[PATCH v3 0/4] refs/files: fix issues with git-fetch on case-insensitive FS

[Date Prev][Date Next][Thread Prev][Thread Next][Date Index][Thread Index]

 



Hello!

With Git 2.51 we moved 'git-fetch(1)' and 'git-receive-pack(1)' to use
batched updates while doing reference updates. This provided a nice perf
boost since both commands will now use a single transaction for
reference updates. This removes the overhead of using individual
transaction per reference update and also avoids unnecessary
auto-compaction between reference updates in the reftable backend.

However, in the files-backend it does introduce a few bugs around
conflicts. The reported bug was around case-insensitive filesystems [1],
but we also fix some adjacent issues:

1. When fetching references such as:

   - refs/heads/foo
   - refs/heads/Foo

Earlier we would simply overwrite the first reference with the second
and continue. Since Git 2.51 we simply abort stating a conflict.

This is resolved in the first commit by explicitly categorizing the
error as non-GENERIC. This allows batched updates to reject the
particular update, while updating the rest.

2. When fetching references and a lock for a particular reference
already exits.
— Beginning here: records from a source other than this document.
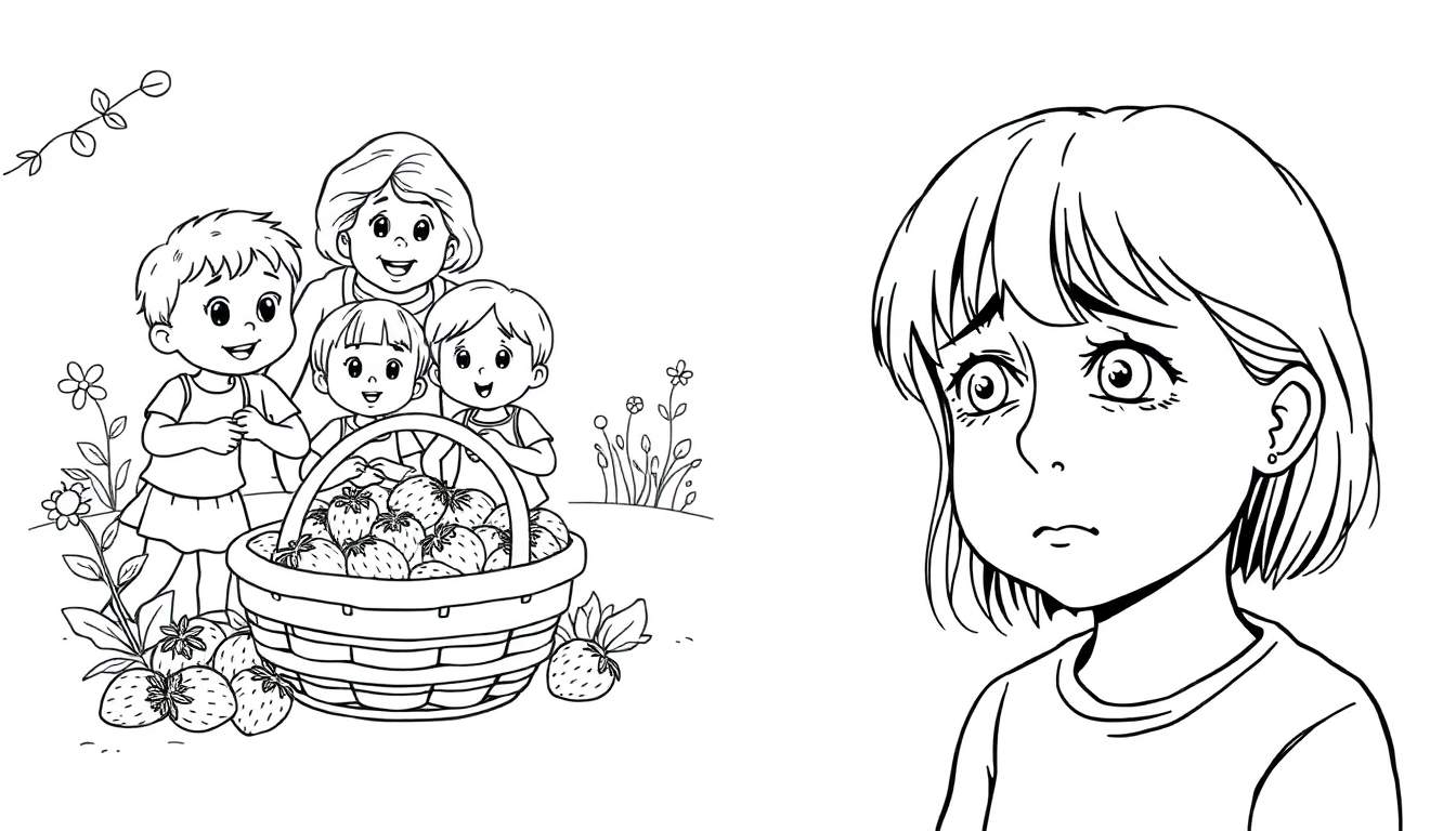 Een dubbele kleurplaat met aan de linkerkant een blije familie met aardbeien en aan de rechterkant een angstig meisje. Ideaal voor creatieve expressie en het verkennen van emoties.
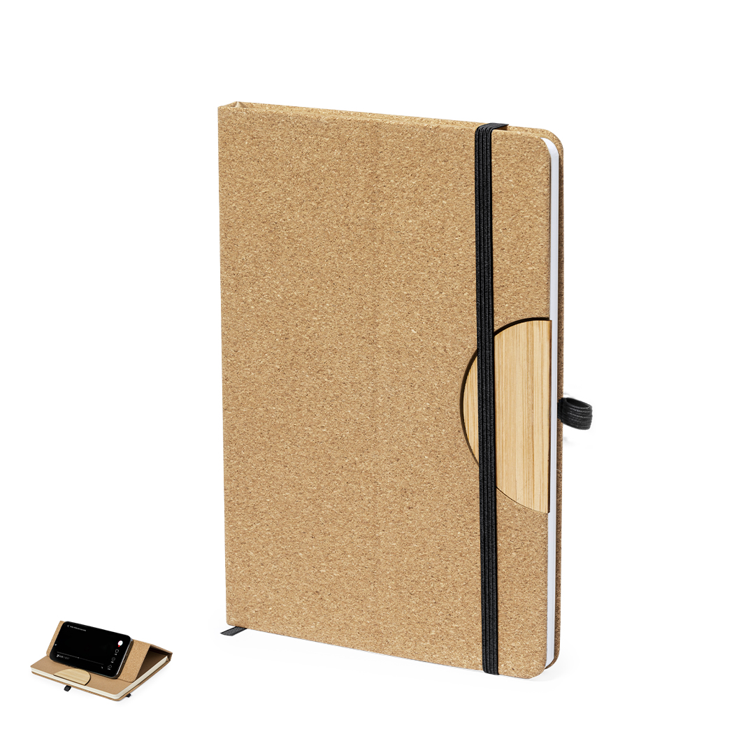 Libreta soporte con tapas rígidas fabricadas en corcho, con versátil soporte integrado en la portada para smartphone y tablet en bambú. Cuenta con elástico de cierre y soporte para bolígrafo a juego de color negro. Contiene 100 hojas interiores de disposición a una raya. Presentada en bolsa individual reciclada.Elaborado con elementos vegetales para así fomentar la utilización de materias primas naturales y reducir las emisiones contaminantes.
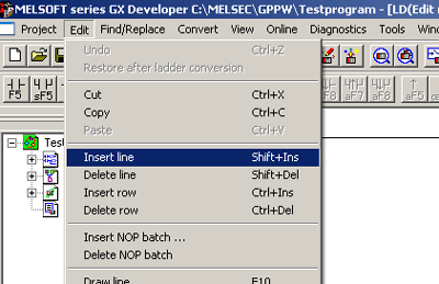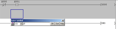 Når du har åpnet prosjektet, kommer det fram en linje som slutter i en ”End” - funksjon. Tegnemarkøren står nå på denne linjen. Gå inn på ”Edit”. Derfra kan du lage en ny linje ved å klikke på ”Insert line”. Du ser nå at det kommer fram et felt på skjermen som du kan arbeide i. Her kan du lage en linje ved å legge inn symboler og adresser. |
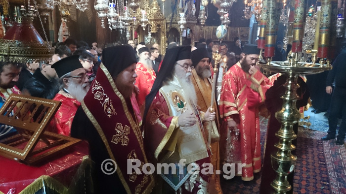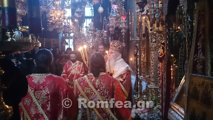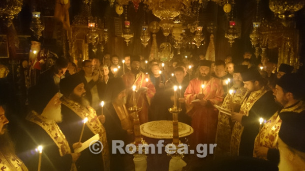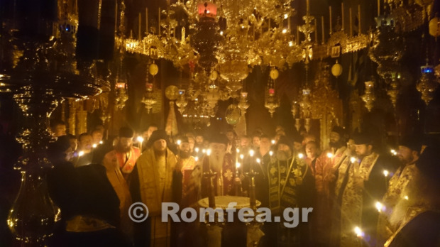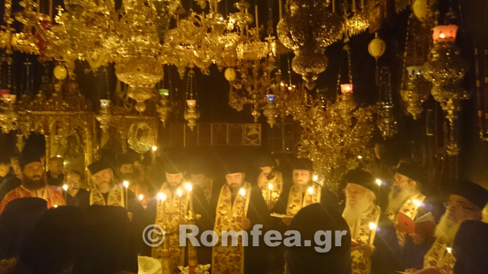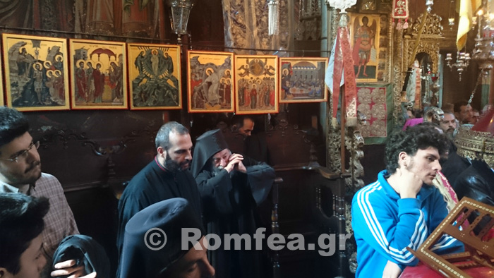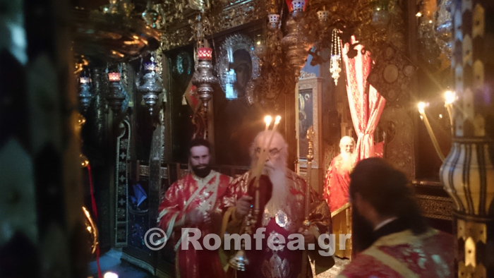Εχθές το βράδυ, τελέσθηκε η Ακολουθία της Παννυχίδος, την οποία τέλεσε και πάλι ο Μητροπολίτης Καστορίας και ακολούθησε στο συνοδικό της Ιεράς Μονής κέρασμα και συζήτηση, αναλύοντας ο Σεβασμιώτατος κ. Σεραφείμ, πνευματικές απορίες των προσκυνητών.
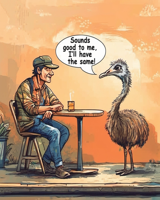 The emu chimes in, “Sounds good to me. Same for me, please.”
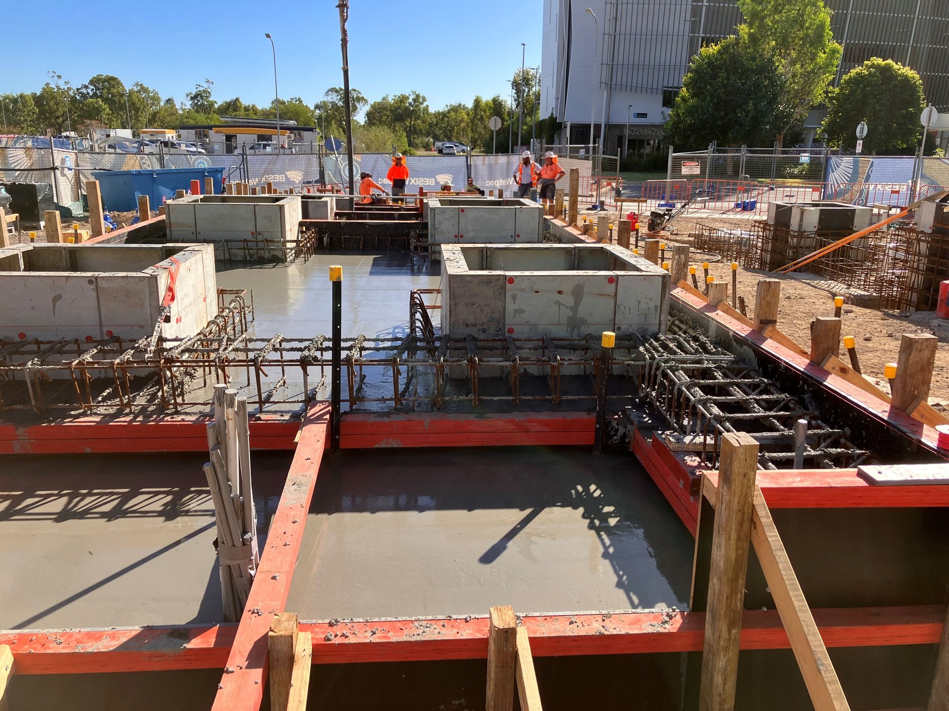 Scope/Details: A new multi storey medical centre development is underway on Bundock Street. PJ Walsh are engaged to excavate the pad, form the reo, pour footing for 5 storey structure, form columns and walls, and form 100m2 deck.
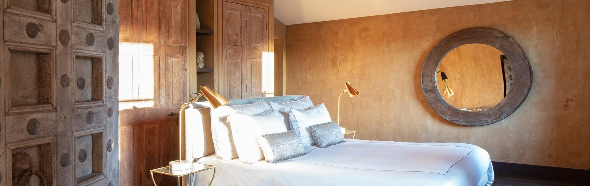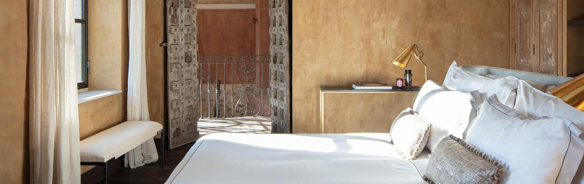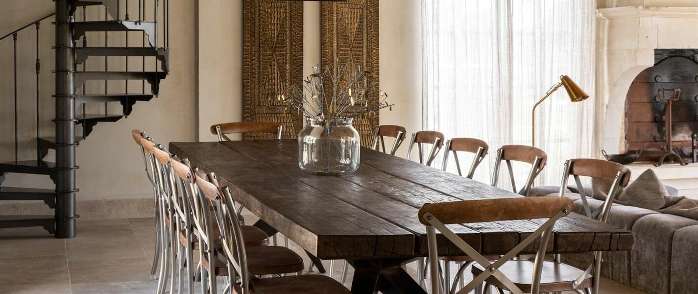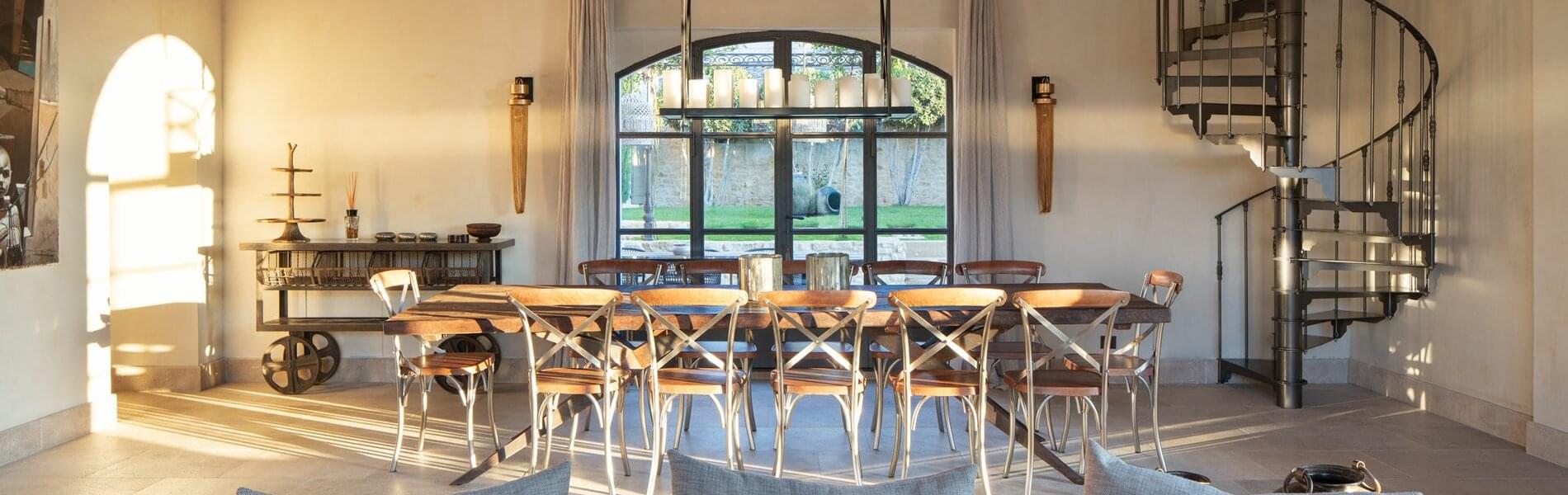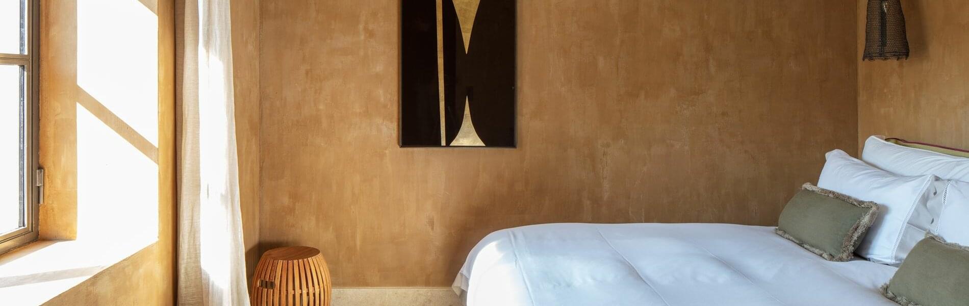 On the ground floor of the Bastide, the large living room of 80 sqm with its high bay windows opening onto the terrace and the swimming pool, its massive stone fireplace, its cozy sofas, colorful carpets and antique furniture found in flea markets. Overhanging, a dining area organized around a heavy solid oak table. The kitchen is fully equipped with a cooking piano and a wine cellar. It retains a traditional look with its high cornice furniture, its large glazed shelves and its bronze-colored travertine worktop for cooking with friends, and tasting good dishes in a warm atmosphere. Two pretty bedrooms are also located on the ground floor, with direct access to the gardens to enjoy the first rays of the sun. Upstairs, three spacious bedrooms including the large masters. For comfort, large beds, bathrooms or showers in limestone, double sinks, dressing rooms and other facilities depending on the rooms. All are air-conditioned and equipped with high-end bedding with horsehair, wool and latex mattresses. Le Labo amenities are made available in the bathrooms and a high level hotel service makes any stay at Mas Chic Alpilles a pure moment of relaxation. For rent with family or friends, to fully enjoy the French "Art de vivre", in the heart of the Alpilles and authentic Provence.
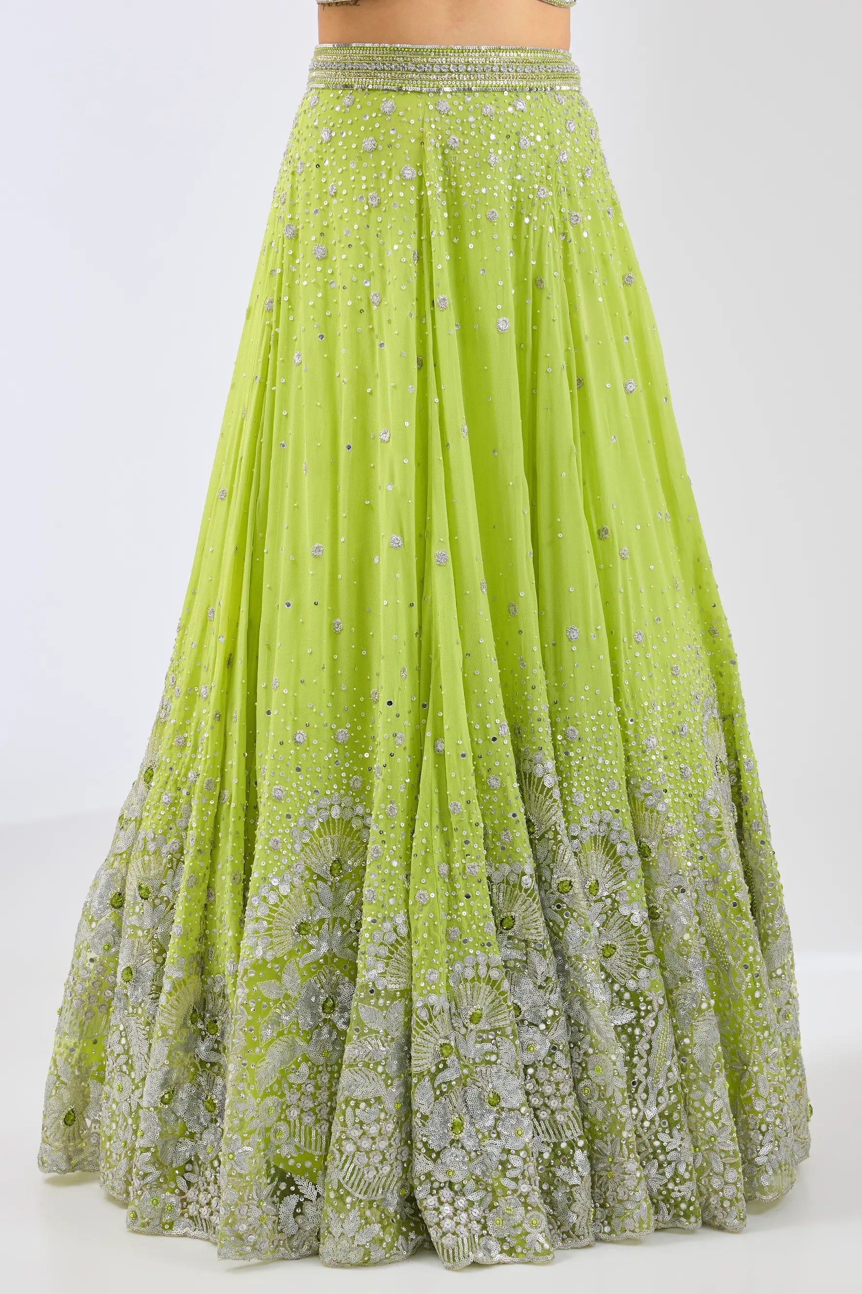 Embrace timeless elegance with our exquisite green hand embroidered lehenga set. This stunning ensemble features intricate hand embroidery that highlights the artistry and craftsmanship of traditional design. The flowing lehenga pairs beautifully with a matching top, creating a flattering silhouette perfect for weddings, festive occasions, and special celebrations. Elevate your ethnic wardrobe with this captivating lehenga set that celebrates beauty and sophistication.
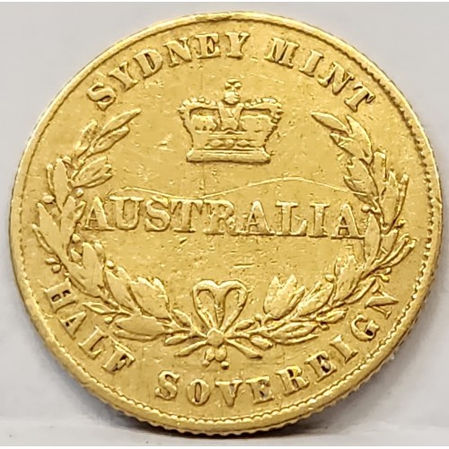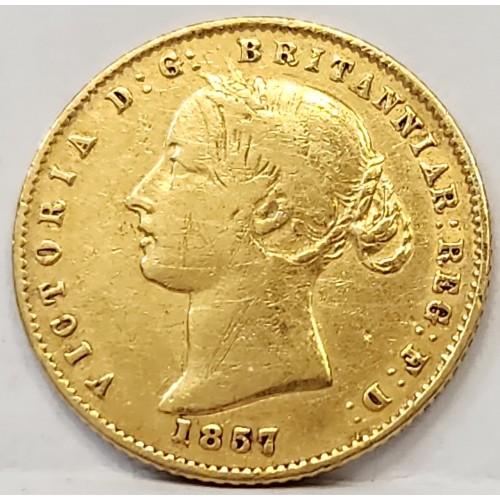 AUSTRALIA 1857 . HALF 1/2 SOVEREIGN . SYDNEY . GOLD . SURFACE MARKS
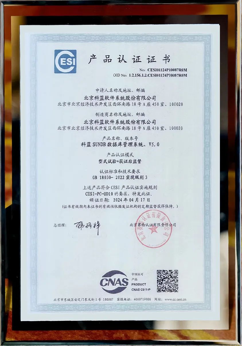 SUNDB数据库通过GB 18030-2022《信息技术 中文编码字符集》认证的意义重大。首先,这一认证标志着SUNDB数据库在中文信息技术领域具备高度的标准化和规范化水平。其次,这一认证有助于提升SUNDB数据库的市场竞争力和品牌价值。最后,这一认证还有助于推动国内数据库产业的发展。随着国家对自主可控和信息安全的高度重视,国产数据库产业迎来了前所未有的发展机遇。SUNDB数据库通过国家标准认证,为国产数据库产业树立了良好的榜样,有助于推动整个产业的健康发展。
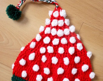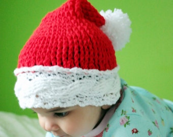 Crochet jolly yuletide cable red Father Christmas Santa hat in red and sparkly white. It is one of my proudest Elf Hats. It is a great accessory to add to a cute baby St Nick Xmas outfit for girls or boys! Handmade with love by Babamoon ©
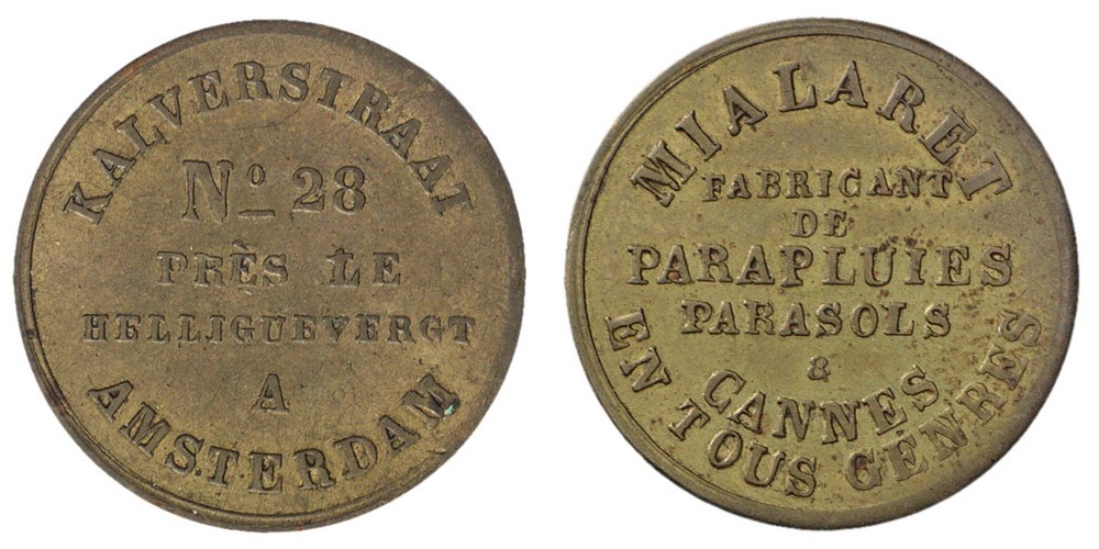 Mialaret, fabrikant van paraplu's en dergelijke, Kalverstraat 28, 1875 - 1925 koper, metaal hoogte: 2.4 cm; breedte: 2.4 cm; diepte: 0.1 cm; gewicht: 3.77 gr; opschrift voorzijde: KALVERSTRAAT N°28 / PRES LE / HELLIGUEVERGT / A / AMSTERDAM

We treat this is a GENERIC error, which fails the entire
update. By categorizing this error as non-GENERIC, we can reject this
specific update and update the other references.

3. When fetching references such as with F/D conflict:

  - refs/heads/foo
  - refs/heads/Foo/bar

Earlier we would apply the first, while the second would fail due to
conflict. Since Git 2.51, the lock files for both would be created, but
the 'commit' phase would abruptly end leaving the lock files.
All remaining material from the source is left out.